§ PROBLEM STATEMENT
Once the line with "Монпансье - крупная" is found in the entries below, print it and each following line exactly, stopping after the line with "Sandalia de Cuña"; print nothing else.

§ EXERCISE DATA
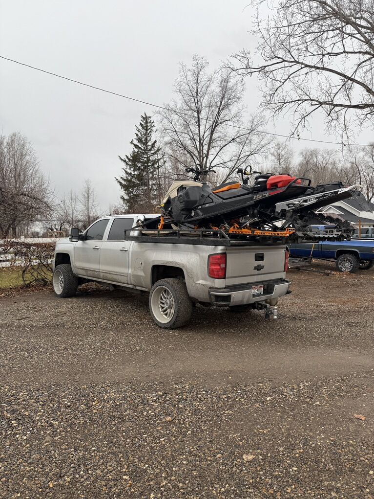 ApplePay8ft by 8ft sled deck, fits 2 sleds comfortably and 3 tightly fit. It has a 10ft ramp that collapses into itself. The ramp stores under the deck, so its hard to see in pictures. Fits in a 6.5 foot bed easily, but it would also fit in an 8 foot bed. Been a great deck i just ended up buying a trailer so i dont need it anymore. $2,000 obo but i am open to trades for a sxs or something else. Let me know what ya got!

...

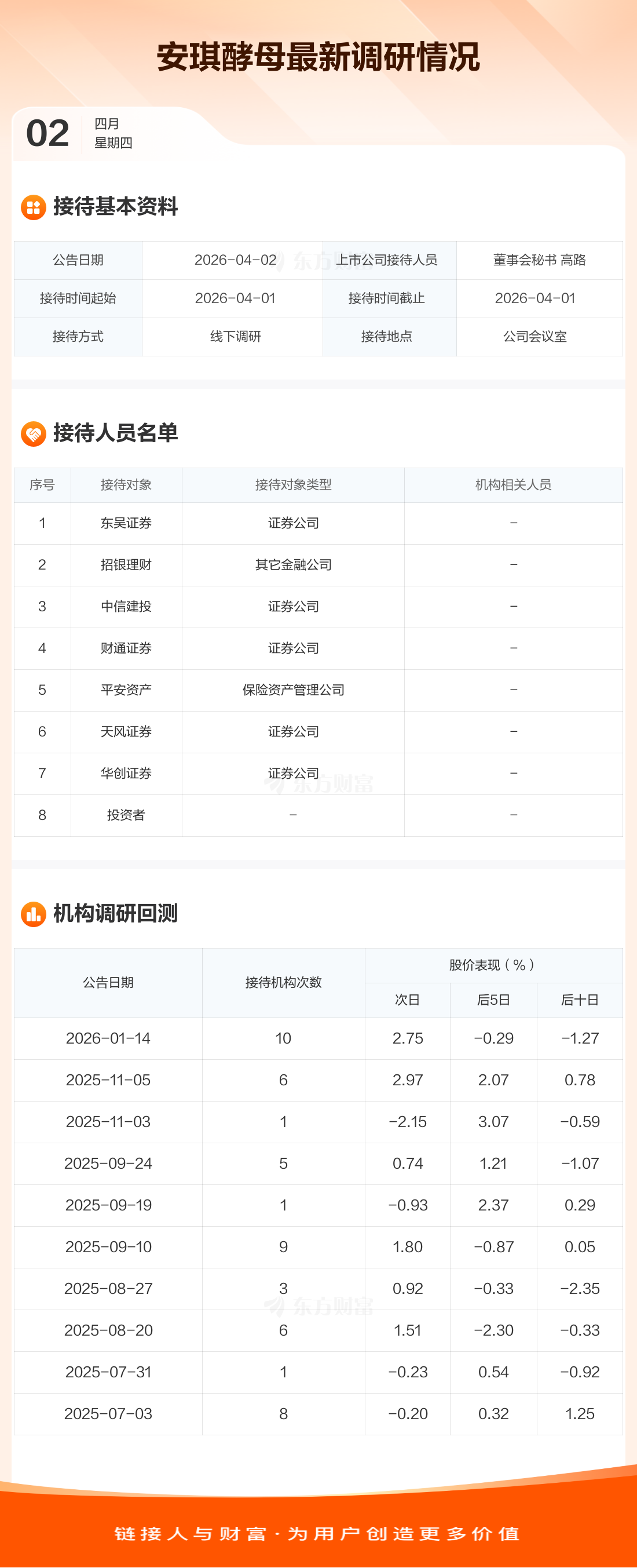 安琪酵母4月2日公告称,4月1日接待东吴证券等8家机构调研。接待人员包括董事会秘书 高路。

---

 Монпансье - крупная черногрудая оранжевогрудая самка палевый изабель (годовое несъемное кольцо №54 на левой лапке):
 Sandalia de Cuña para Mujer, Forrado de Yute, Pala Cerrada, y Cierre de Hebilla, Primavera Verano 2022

§ RESPONSE TO THE TASK
 Монпансье - крупная черногрудая оранжевогрудая самка палевый изабель (годовое несъемное кольцо №54 на левой лапке):
 Sandalia de Cuña para Mujer, Forrado de Yute, Pala Cerrada, y Cierre de Hebilla, Primavera Verano 2022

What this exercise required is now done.